Never include your last name, real email address, personal Web site
URL, home address, phone number, place of work, or any other
identifying information in your profile or in the initial emails you
exchange with other members. Make sure your email signature file is
turned off, or does not include identifying information, when
corresponding with an advertiser via your own email. Stop
communicating with anyone who pressures you for this information or
attempts in any way to trick you into revealing it. Take all the
time you need to become comfortable with someone before revealing
any person contact information. Ask questions and make sure you are
satisfied with the answers. Trust your instincts, move cautiously
and be selective.
- Exercise Caution and Common Sense.
Careful, well-thought decisions generally lead to better results in
dating, and this is certainly true with online dating too. Guard
against trusting the untrustworthy. Any suitor must earn your trust
gradually, through consistently honorable, forthright behavior. Your
job is to take all the time you need to test for a trustworthy
person, and pay careful attention along the way. Take a relatively
conservative approach to trusting anyone you meet online. If you
think someone is lying, it is likely that they are, so act
accordingly. Move on to someone you can eventually trust. Conduct
yourself and your romances in a responsible manner. Don’t fall in
love at the click of a mouse. Don’t become prematurely intimate with
someone, even if that intimacy only occurs online.
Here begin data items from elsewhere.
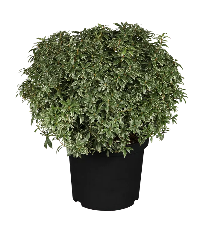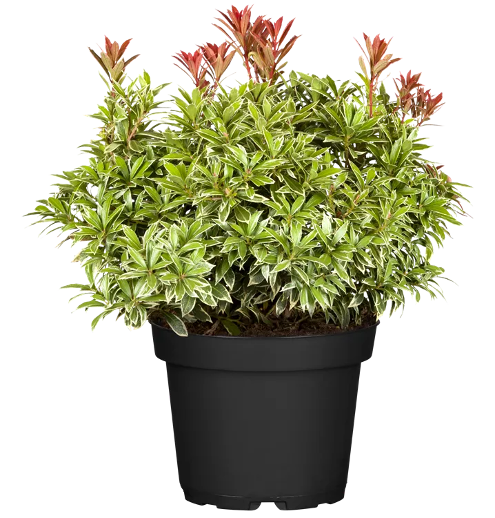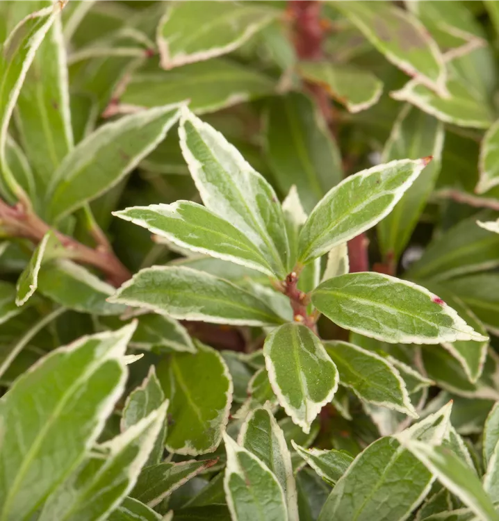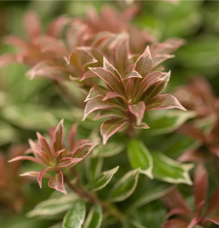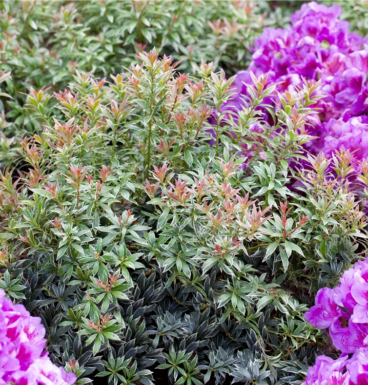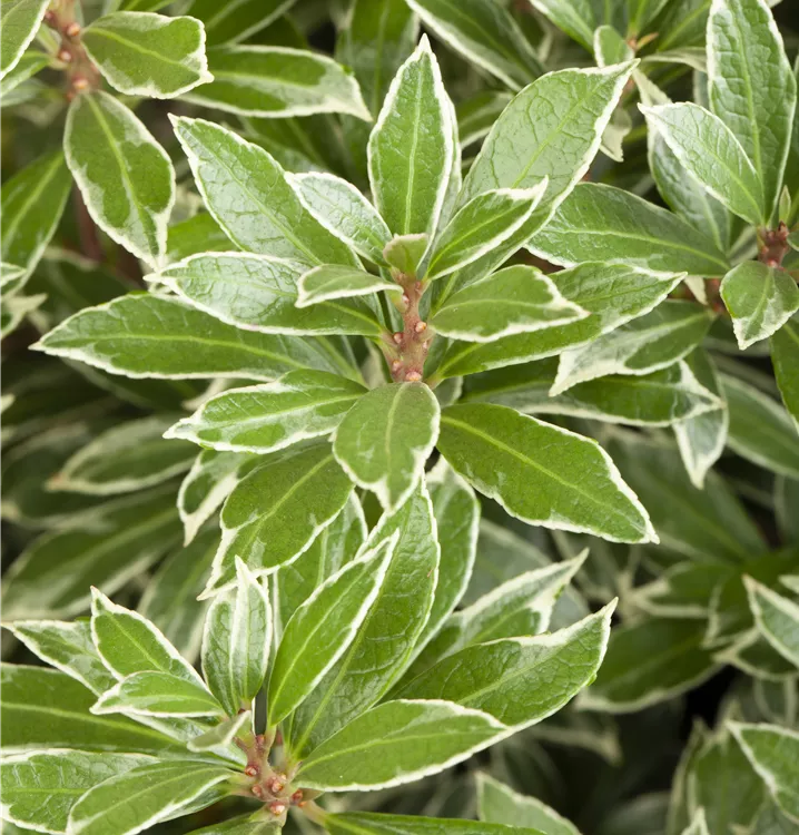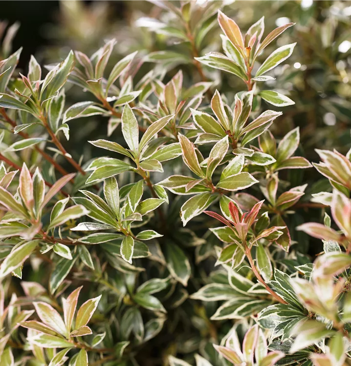 Das Schattenglöckchen 'Little Heath' (Pieris japonica) ist ein buschiger, breiter, immergrüner Kleinstrauch mit dekorativen, glänzenden, lanzettlichen, dunkelgrünen Blättern mit einem weißen Rand. Der rosa-rote Austrieb ist ebenso ein interessanter Anblick. Zudem trägt es von April bis Mai weiße, becherförmige, in Rispen angeordnete Blüten. Aus diesen gehen ab August hellbraune, runde Früchte hervor. An einem halbschattigen bis schattigen, windgeschützten Standort mit humosem, nährstoffreichem Boden erreicht es gewöhnlich eine Höhe von ca. 1 m und wird ca. 1 m breit.
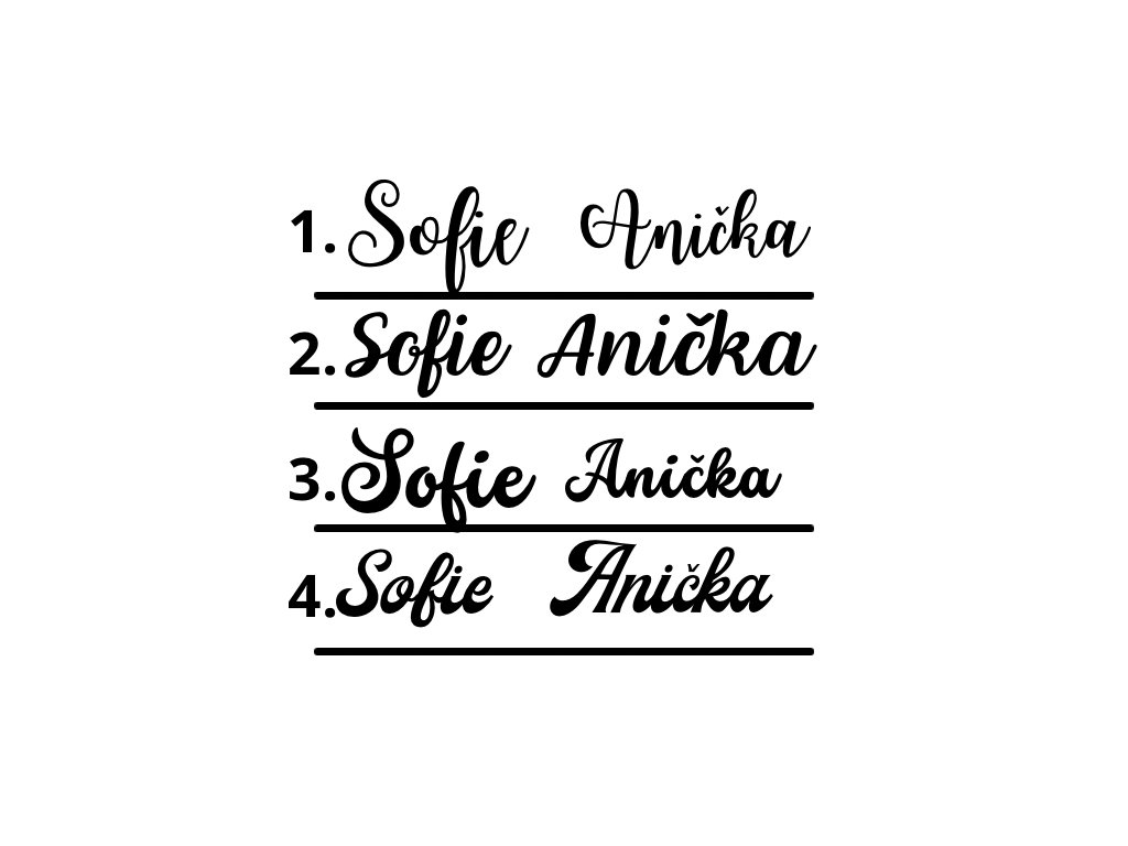 Velice rádi vám vypracujeme návrh vašeho jména zdarma a doladíme nápis k dokonalosti podle vašich představ.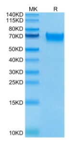 | Molecular Mass : | The protein has a predicted MW of 50 kDa. Due to glycosylation, the protein migrates to 60-72 kDa based on Tris-Bis PAGE result. |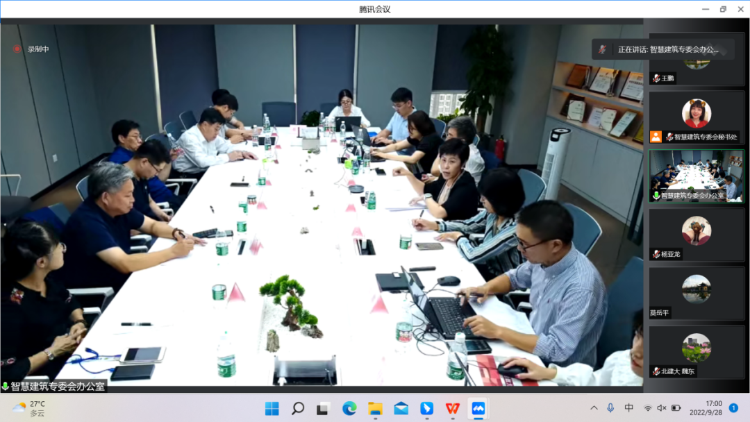 9月28日,由中國建筑節能協會智慧建筑專業委員會于北京召開智慧建筑專業委員會專家智庫成立儀式,本次會議以線上線下相結合的方式舉辦。會正式開始。住房和城鄉建設部標準定額司原一級巡視員、中國建筑節能協會副會長倪江波,中國建筑節能協會副秘書長付宇,住房和城鄉建設部科學技術委員會標準化專委會委員、全國智標委副主任委員、智慧建筑專委會主任委員馬虹,IEEE IES TC1技術委員會(中國)主席、智慧建筑專委會智庫工作委員會主任方潛生,北京建筑大學黨委常委、副校長、智慧建筑專委會智庫工作委員會副主任李俊奇,全國智標委副秘書長、智慧建筑專委會專家智庫工作委員會副主任尚治宇等領導出席此次會議。

- Request a Photo. A photo will give
you a good idea of the person's appearance, which may prove helpful
in achieving a gut feeling about your correspondent. In fact, it’s
best to view several images of this person in a variety of settings:
casual, formal, indoor, outdoors. If he or she continuously comes up
with an excuse, it may be because that person has something to hide.
- Talk Via Telephone. A phone call
can reveal much about a person’s communication and social skills. It
is worth the cost of the call to protect your security. But do not
give out your personal phone number to a stranger. Try a cell phone
number instead for added security. Or make arrangements to call from
a pay phone. Only when you feel completely comfortable should you
furnish your phone number.
- Meet When YOU Are Ready. The beauty
of meeting and relating online is that you can gradually collect
information and then make a choice about pursuing the relationship
in the real world. You are never obligated to meet anyone,
regardless of your level of online intimacy. And even if you do
decide to arrange a meeting, you always have the right to change
your mind. It’s possible that your decision to keep the relationship
at the anonymous level is based on a hunch that you can’t logically
explain. Trust yourself. Go with your gut instincts, even when they
can’t be logically explained. Never meet someone who argues against
your instincts, finds logical flaws with your feelings or pressures
you in any way.
- Watch for Red Flags. Pay attention
to any displays of anger, intense frustration or attempts at
pressuring or controlling you. Acting in a passive-aggressive
manner, making demeaning or disrespectful comments or any physically
inappropriate behavior are all red flags. You should also be
concerned if your date exhibits any of the following conduct without
providing an acceptable explanation:
- Provides inconsistent information
about age, interests, appearance, marital status, profession,
employment, etc.
- Refuses to speak to you on the phone
after establishing ongoing, online intimacy.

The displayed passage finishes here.